HomeJuly PPI Spike Puts Fed in a Tight Spot Ahead of Jackson Hole

July PPI Spike Puts Fed in a Tight Spot Ahead of Jackson Hole

PUBLISHED  | 2 min read

George Tsilis

Correspondent

Recent stock market action has been precariously driven by a combination of easing consumer inflation and persistent concerns over wholesale price pressures. After recovering from the slight pullback earlier in the month, equities continue to perform well supported by resilient earnings optimism and more clarity surrounding tariffs. Robust earnings, especially from mega-cap tech, and lingering dovish Fed sentiments are fueling rallies. However, bears are focused on sticky inflationary metrics, rising bond yields, valuation concerns, and overly optimistic sentiment which cast doubt on sustained gains.

Equities rallied earlier in the week on a softer July Consumer Price Index (CPI) reading, which investors interpreted as supportive of a September cut and potentially additional easing into year-end. Small-cap stocks logged a powerful two-day advance on Tuesday and Wednesday as rate-sensitive segments found fresh buyers.

The hot July PPI print definitely interrupted earlier momentum and positive market sentiment that improved following the July CPI print earlier this week, which was perceived as soft. Before the PPI release, the 2-year Treasury yield was down to the lowest in approximately three and-a-half months, but that move was quickly reversed. Core PPI excluding food and energy climbed 0.9%, lifting the annual rate to 3.7%. Sub-components such as services less trade, transportation, and warehousing, as well as goods excluding food and energy, moved higher. Taken together, the data suggests cost pressures are building across both goods and services, a dynamic that could strain corporate margins if companies choose to absorb the increases or risk reigniting consumer inflation if they pass those costs along.
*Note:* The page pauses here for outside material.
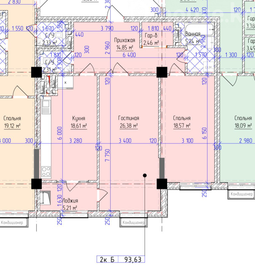 94 sq. m, kitchen: 19 sq. m
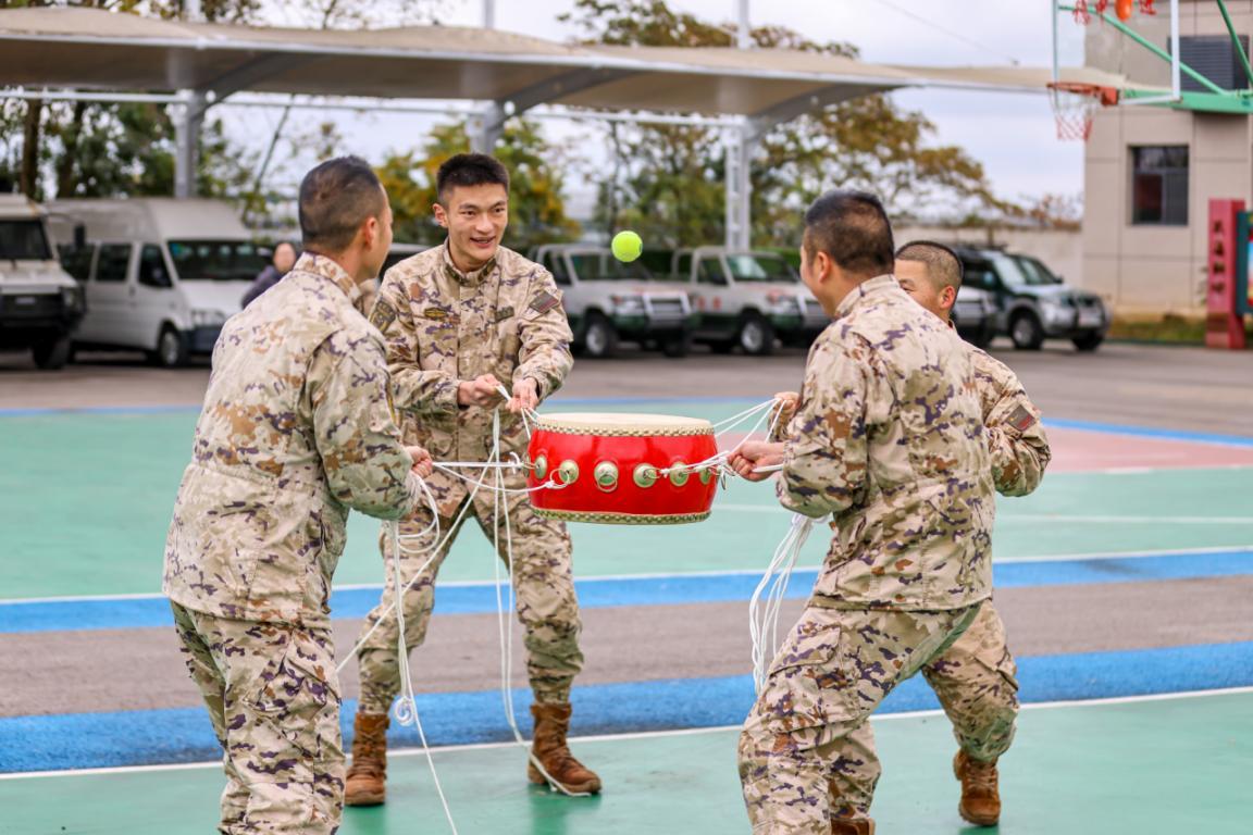 支隊官兵開展團體輔導小游戲“動感顛球”。

Ultimately, July’s PPI has not upended the September outlook, but it has raised the bar for a string of follow-on cuts. Powell’s Jackson Hole message will aim to balance a labor market that has shown signs of cooling since the July employment report against the risk that upstream price pressures re-ignite inflation. For investors, that means the next leg of the move in stocks and yields will hinge less on any single data point and more on the interplay among producer costs, consumer prices, and the Fed’s tolerance for near-term volatility in pursuit of a soft landing.